Озябнуть в Зимбабве - страница 45

Шрифт
Интервал


– Иди, внученька, иди, – грустно вздохнув, разрешала бабушка.

Однако ей надо было вставить и свои «пять копеек», и она добавляла:

– Только мне не нравится, как ты ко мне обращаешься. Что это ещё за «бабушка»?

– А что тебе не нравится? – удивлялась мама. – Ты и есть бабушка.

– Но как-то это неласково, грубо, – не сдавалась бабушка. – Звучит, как ругательство. Почему бы внученьке не называть меня бабуленькой?

– «Бабуленька» – это сюсюкание, – жёстко возражала мама. – Я против!

– Ну, хотя бы бабулей, – на бабушку было жалко смотреть.

– Хорошо, бабуля, – поспешно соглашалась я. – Я буду называть тебя так. Можно, мама?

Мама пожимала плечами:

– Делайте, что хотите. По-моему, это инфантилизм какой-то… Но если ты, мама, так хочешь – пожалуйста.

– Спасибо, внученька, – расцветала бабушка… то есть отныне и навсегда – бабуля.

– А няню как я должна называть? – мне хотелось уже сразу, на месте уяснить всё, чтобы с чистой совестью идти гулять. – Нянюля?

Няня беззвучно смеялась, отчего морщинки тёмной сеткой разбегались по её лицу. Красные слезящиеся глазки, скорбная щель рта – всё тонуло в этой паутине.

– Ах, миленька! Называй меня хоть каргой умалишённой, хоть старой ведьмой. Моя ты нецененна, сокровище ты моё.

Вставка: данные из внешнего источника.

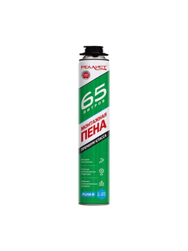 Пена монтажная Realist, PRO Green, профессиональная, 65 л, зимняя, 4602009041051
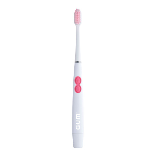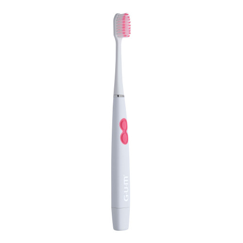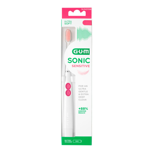 Die GUM SONIC SENSITIVE batteriebetriebenen Zahnbürste bietet eine super-sanfte, extra tiefe Reinigung für schmerzempfindliche Zähne und empfindliches Zahnfleisch. Schallvibrationen helfen Ihnen, Zahnbelag (Plaque) mit wenig Aufwand effektiv zu entfernen. Mit ultraweichen, beidseitig spitz zulaufenden Borsten können Sie mit dieser Bürste unter dem Zahnfleischrand und zwischen den Zähnen reinigen. Es ist erwiesen, dass Plaque (Zahnbelag) in schwer zugänglichen Bereichen 88% tiefer entfernt wird als bei einer Sensitive-Zahnbürste mit planem Borstenfeld. Unsere batteriebetriebene Zahnbürste bietet ein super-sanftes Putzerlebnis, massiert das Zahnfleisch und lässt Sie sich frisch und sauber fühlen. Für optimale Ergebnisse empfehlen wir die Verwendung mit der GUM SensiVital+® Zahnpasta und Mundspülung.
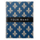 Fleur de Lis, Beige on Navy Blue, Royal, Your Name Anteckningsbok
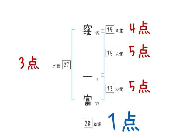 総運![]() | 窪一富さんの総運は28画の1つ星!家庭環境に注意。スポーツで活躍できる能力があるかも。 あなたの人生を表す1番重要な運勢です。生涯を通じて影響する総合運となり、主に50歳以降の晩年期に影響を及ぼします。 |
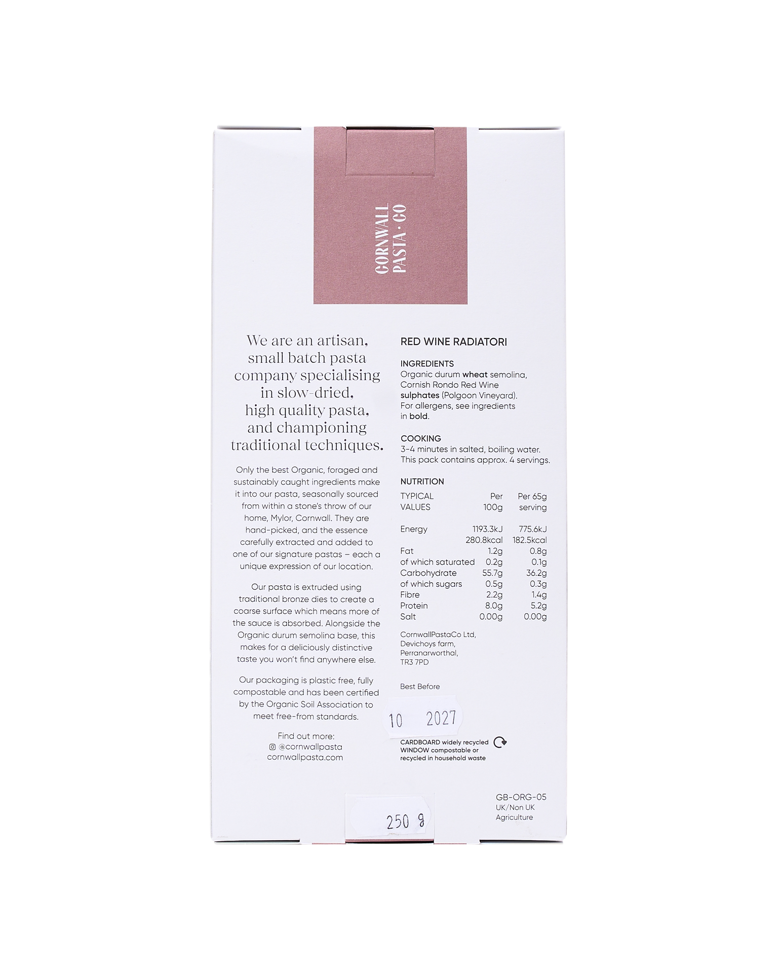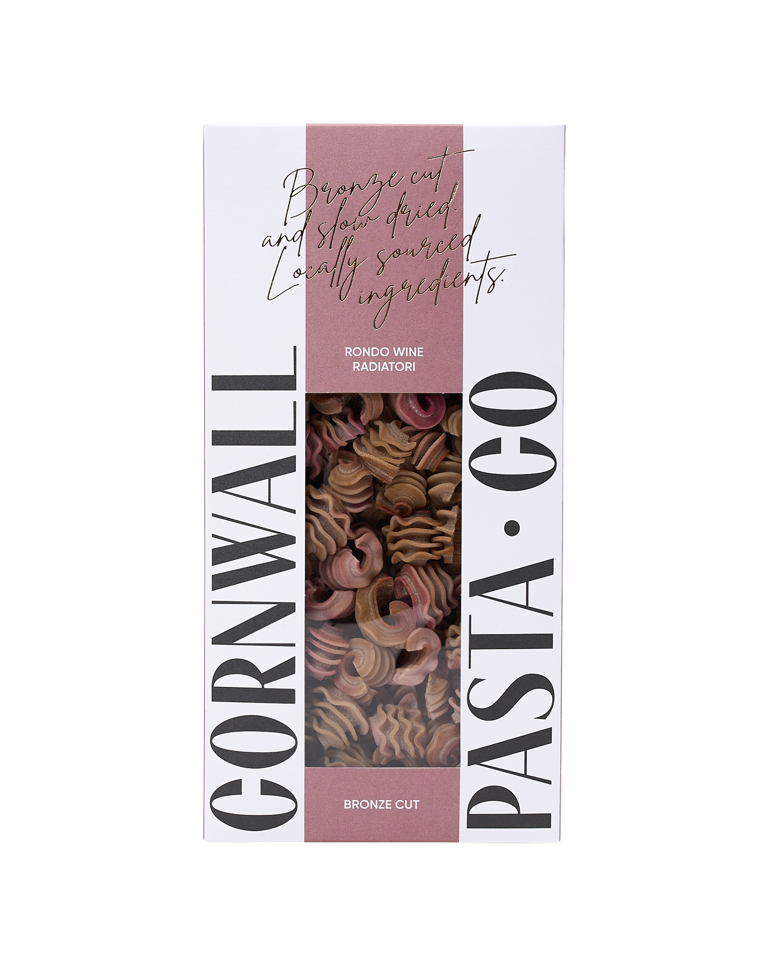 Cornwall Pasta Co is an organic British pasta company dedicated to creating better pasta through sustainable, regenerative farming practices. Their Red Wine Radiatori is crafted with organic flour and a single-variety red wine from Rondo grapes, to create a striking pasta. The rich, earthy taste of red wine makes this variety perfect for wintry dishes. Serve it with a simple olive oil or butter sauce to let the wine flavour shine, or pair with rich meat sauces and ragus for a fuller experience.
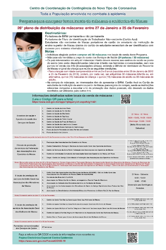 新型冠狀病毒感染應變協調中心今(25)日公佈,第26輪保障口罩供應澳門居民計劃於週三(27日)開始,售賣期間為30日,即2021年1月27日至2月25日,期間每人可一次性購買30個口罩,售價合共24澳門元。對象包括本澳永久及非永久居民、持外地僱員身份認別證(俗稱藍咭)人士,以及持澳門各高等院校學生證的非本地學生,學生在購買口罩時須出示所就讀高等院校的學生證,經系統成功識別學生證資料後方能購買。
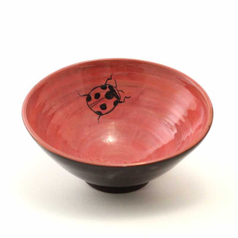 Die handgedrehten Stielschalen sind durchgehend in einer mediterranen Farbpalette gefärbt. Sie zeigen die Zeichnung eines Insekts, die von einer entomologischen Tafel entnommen und mit einem Pinsel fein gemalt wurde. Die vollständig in der Provence handgefertigten Schalen verleihen Ihren Gerichten einen Hauch von Natur. Sie richten sich sowohl an Sammler entomologischer Souvenirs als auch an Liebhaber handwerklicher Töpferwaren, die Natur und Humor schätzen. Servieren Sie Ihren Gästen Schüsseln mit Marienkäfermuster und wünschen Sie ihnen alles Glück der Welt.
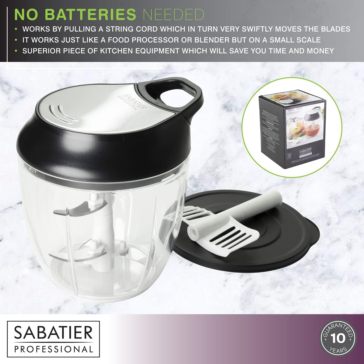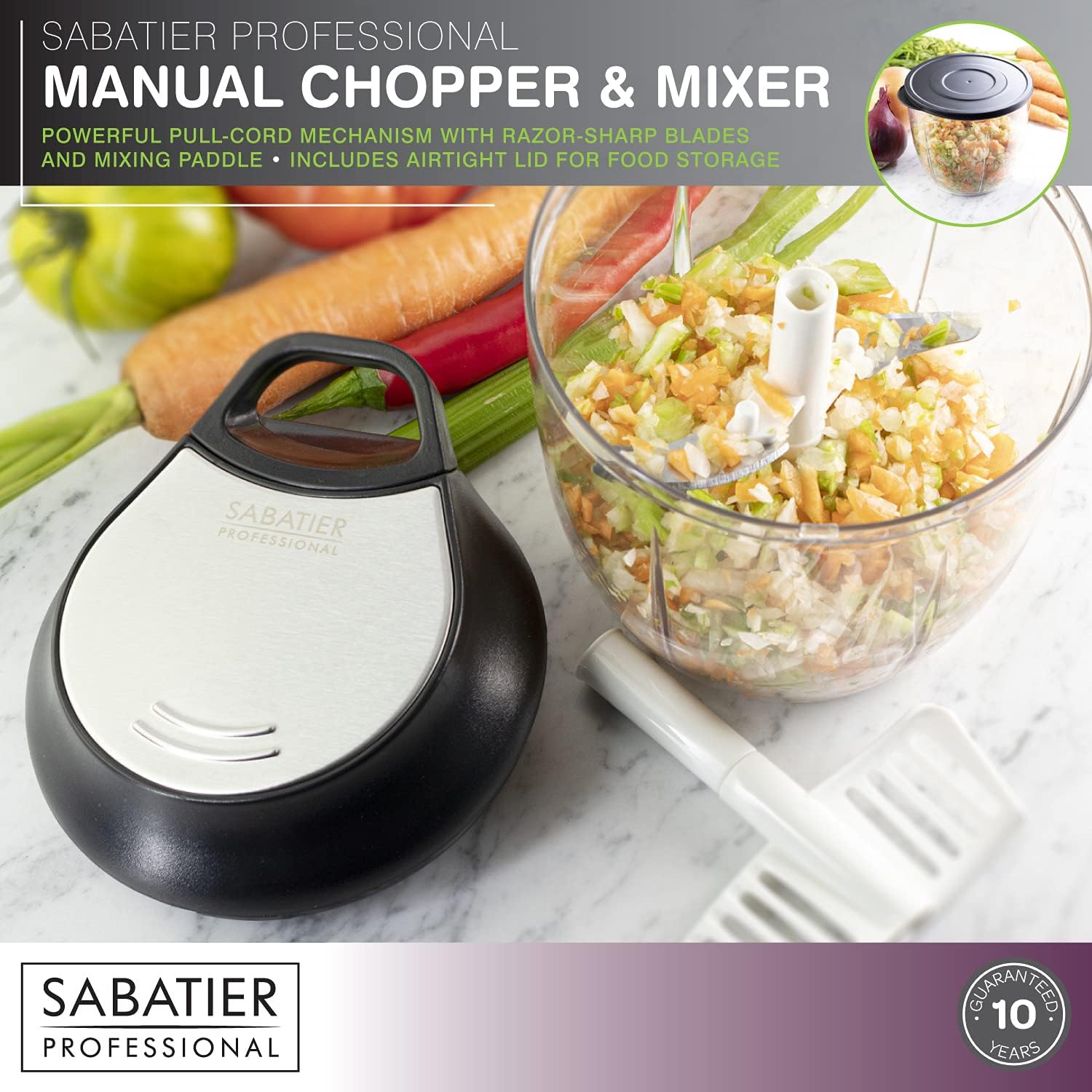 Large Manual Hand Food Chopper – Sabatier Professional Nut, Fruit and Vegetable Processor, Slicer, Cutter And Dicer. Pull String, Stainless Steel removable Blades, Lid, BPA-Free. Dishwasher Safe

Я выходила во двор, и меня обступали подруги. Среди них робко маячили и мальчишки, малорослые и хлипкие, не принятые в воинственные компании пацанов. Начиналась другая жизнь, на время вытеснявшая всё, чем я обладала в посёлке.

Играя с девочками, я научилась шить наряды куклам. Вслед за подругами я также освоила производство кукол бумажных, нарисованных на картоне и тщательно вырезанных, с шикарными гардеробами из бумаги, которые мы тоже сами рисовали и вырезали – платьице за платьицем. Это было гораздо проще, чем обшивать и наряжать настоящих магазинных кукол. То были куклы для ленивых, но художественно одарённых девочек.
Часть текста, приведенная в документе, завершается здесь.